It was the quintessential American holiday- -the 4th of July. The location was not only idyllic but classic- -a small American town nestled among the gentle hills, rolling plains and gently streaming waters of MId-America.
The whole scene- -a lovely summer day, a Main Street closed to traffic for a parade to pass, kids running up and down the sidewalks or sitting on the curb while their parents and elders sat in lawn chairs behind them, the high school band marching proudly in their summer fatigue uniforms and playing the school fight song, politicians and civic leaders riding in the back seat of convertibles borrowed from local car dealers, all sorts of groups and associations and clubs walking down the street behind their American and club flags- -the whole scene could have been lifted from the opening of "Mr. Smith Goes To Washington". In fact, a scene almost exactly like it featured in the opening minutes of that 4th of July cinematic staple, "Yankee Doodle Dandy".
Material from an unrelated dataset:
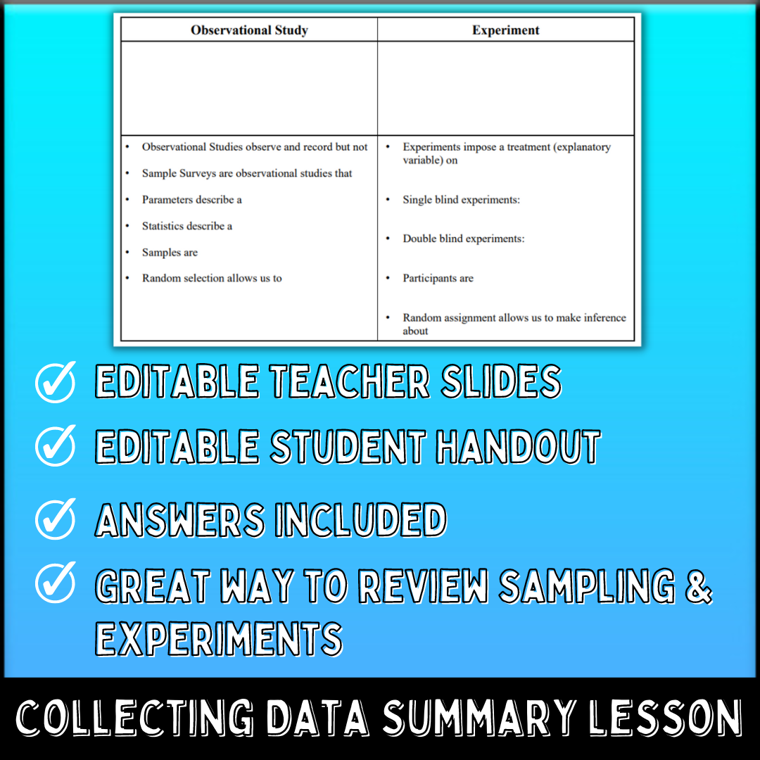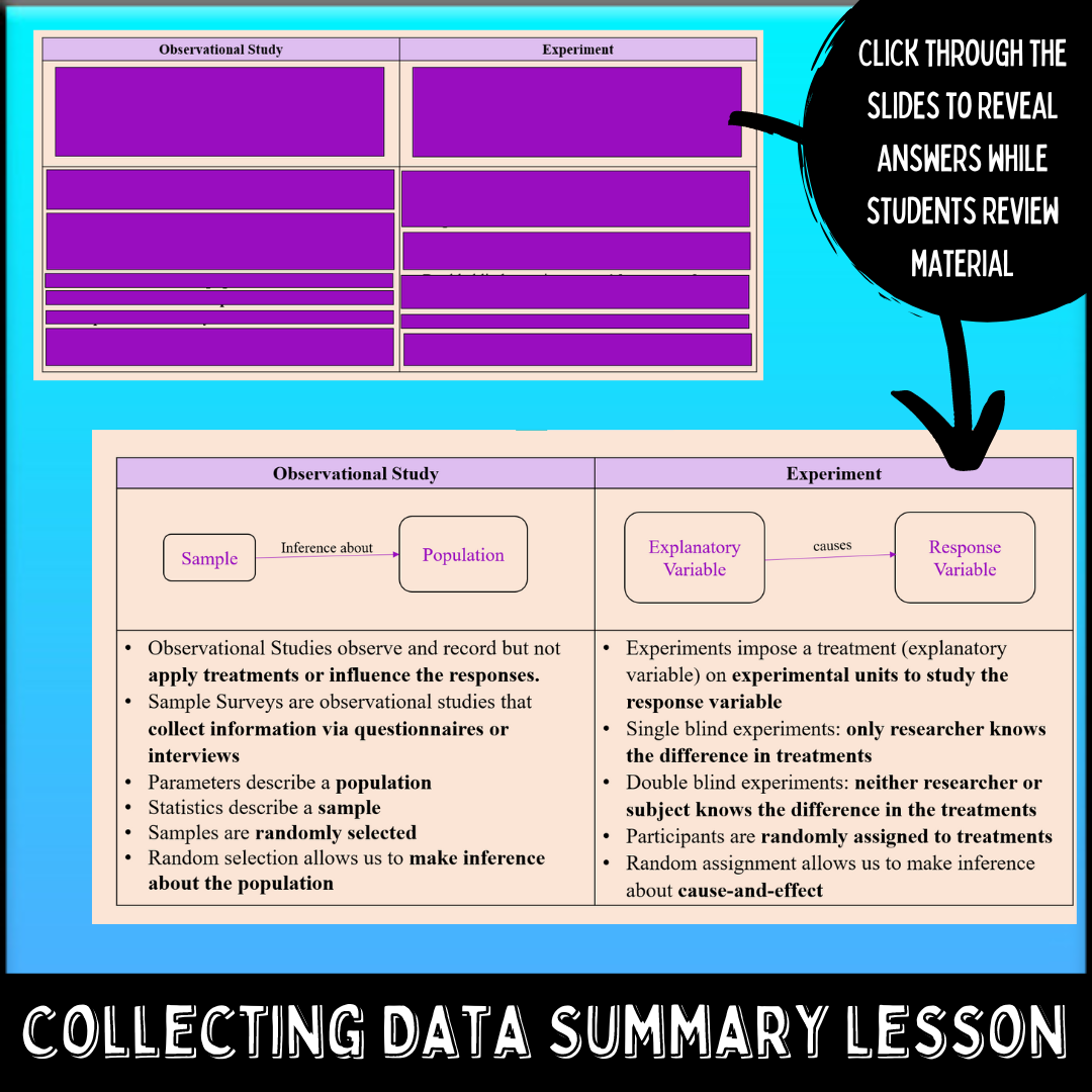 I use this in my AP Statistics class (and a modified version in my regular-level statistics class) to review the concepts in our "Collecting Data" unit.

It was all as American as the holiday it celebrated.... until the shots rang out. Seventy of them, the police say, in less than a minute. In that minute the band dispersed into a mob running for its life. The elders sat frozen in shock until they, or someone near them, keeled over from a wound. Parents grabbed their little ones and, in an inspired act of caring for their young, plopped them into curbside dumpsters whose impenetrable sides would shield them from the flying bullets.
The cops, quickly recovering from their initial shock, began running toward the sound of the gun. Two doctors in the crowd of spectators stopped in mid-flight to kneel and help the wounded. Firemen riding their apparats in the parade jumped off their vehicles to help.
And even so seven people were killed, 30+ wounded, everyone emotionally scarred for days, for weeks, maybe forever.
If you're not safe on the Main Street of your own little town in the middle of a 4th of July parade with police and firemen saturating the crowd; if you're not safe there and then, where and when are you safe.
And this carnage was only one of nine- -yes, nine- -mass casualty shootings in America over the holiday weekend.
It seems that besides the parades and bands and fireworks, besides the ice cream cones and hot dogs, the frisbee tosses and pick-up ball games that have always marked the 4th of July, we now have the new but increasingly common feature of an active shooter event.
What a country. I'm sure Washington and Jefferson, Madison and Monroe, the celebrated Mr. Hamilton and the under-rated Mr. Paine would all be proud of what we have let ourselves become.